- Exercise:
Restate, exactly and without pictures, the lines from the start of the listing below through the line holding "1年生が図工の時間にオリジナ".

- Stored data:
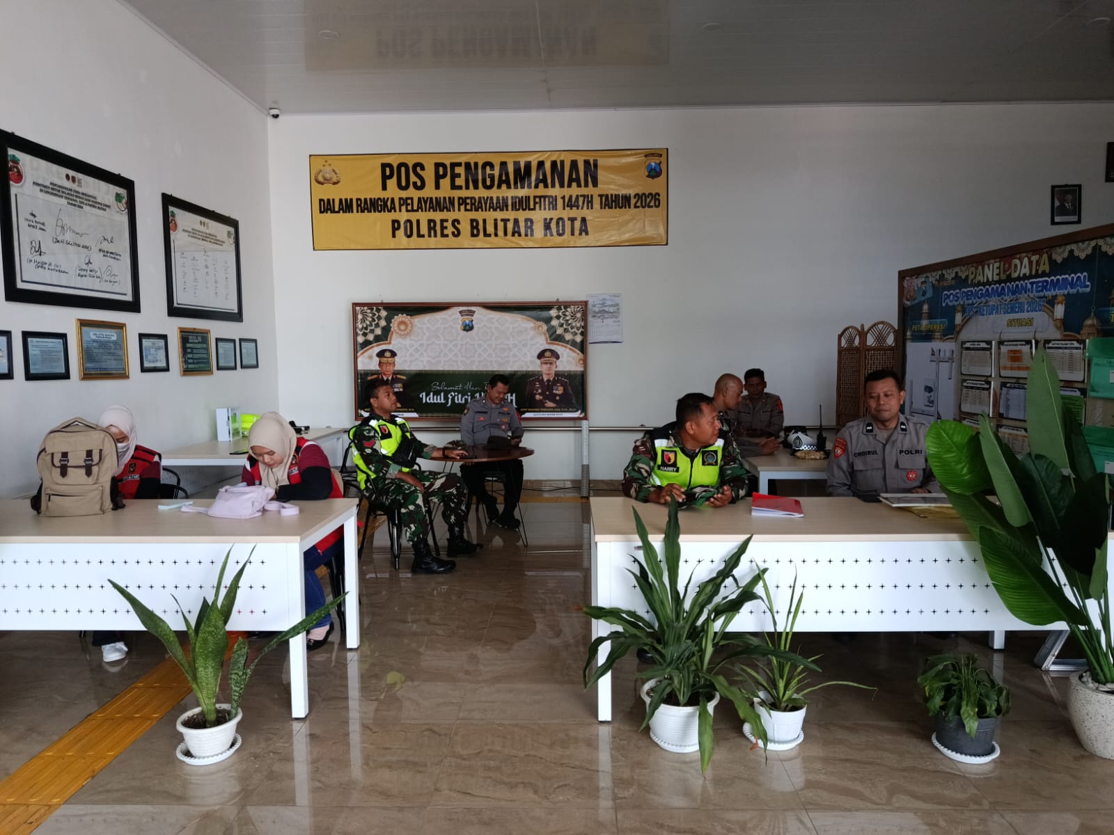 DetikSR.id Blitar – Dalam menyambut Hari Raya Idul Fitri 1447 H, Bintara Pembina Desa (Babinsa) Hariyanto bersama aparat gabungan melaksanakan pengamanan di Pos Pengamanan (Pospam) yang berada di titik-titik keramaian, salah satunya di Terminal Bus Patria Kota Blitar, Jumat (20/3/2026). Kegiatan ini dilakukan guna memastikan situasi tetap aman dan kondusif menjelang arus mudik Lebaran.
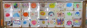 1年生が図工の時間にオリジナルの太陽を描きました。にこにこ笑っているような太陽,炎が燃え盛っているような太陽,怒っているような太陽,とってもカラフルな太陽などなど,一人一人が自分の太陽をデザインしました。1年生のワークスペース(廊下)には51個の太陽がさんさんと輝き,明るくなりました。
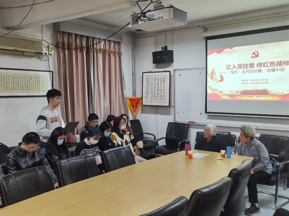 薪火相传,继往开来。时值中国共产党建党100周年之际,为教育引导广大青年学生爱党、爱国、爱社会主义,充分发挥“五老”亲历者、见证者、实践者的优势,扎实开展党史、新中国史、改革开放史、社会主义发展史等历史教育,久久成人网站、非洲学院本科生、研究生党支部应关工委关于开展“读懂中国”活动的指示,于2021年4月2日开展“忆入党往昔,传红色精神”——“星传”系列活动暨“读懂中国”活动。活动由本科生党支部预备党员丁一洺主持。
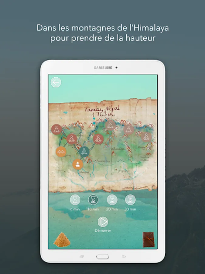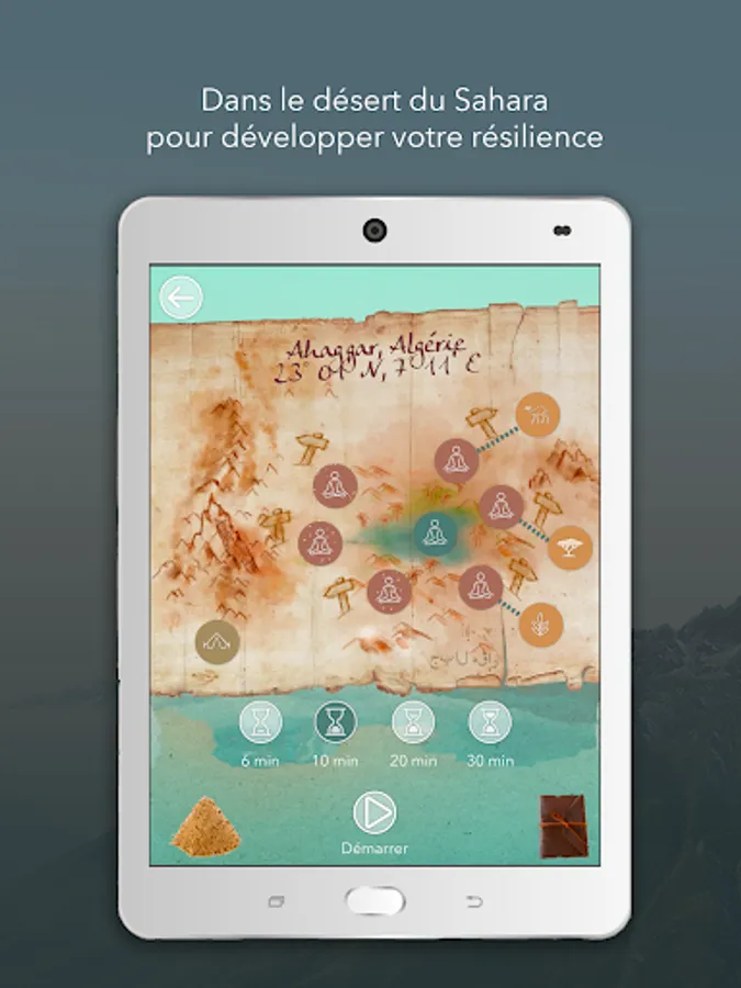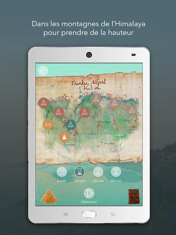 Rewards mark your journey to encourage you to continue. Dawn offers you a travel diary with sumptuous watercolors that will remind you of the places and the lessons of your meditative journey. She will also make you discover secret places where you can go to meditate quietly, without being guided.

- Task result:
 DetikSR.id Blitar – Dalam menyambut Hari Raya Idul Fitri 1447 H, Bintara Pembina Desa (Babinsa) Hariyanto bersama aparat gabungan melaksanakan pengamanan di Pos Pengamanan (Pospam) yang berada di titik-titik keramaian, salah satunya di Terminal Bus Patria Kota Blitar, Jumat (20/3/2026). Kegiatan ini dilakukan guna memastikan situasi tetap aman dan kondusif menjelang arus mudik Lebaran.
 1年生が図工の時間にオリジナルの太陽を描きました。にこにこ笑っているような太陽,炎が燃え盛っているような太陽,怒っているような太陽,とってもカラフルな太陽などなど,一人一人が自分の太陽をデザインしました。1年生のワークスペース(廊下)には51個の太陽がさんさんと輝き,明るくなりました。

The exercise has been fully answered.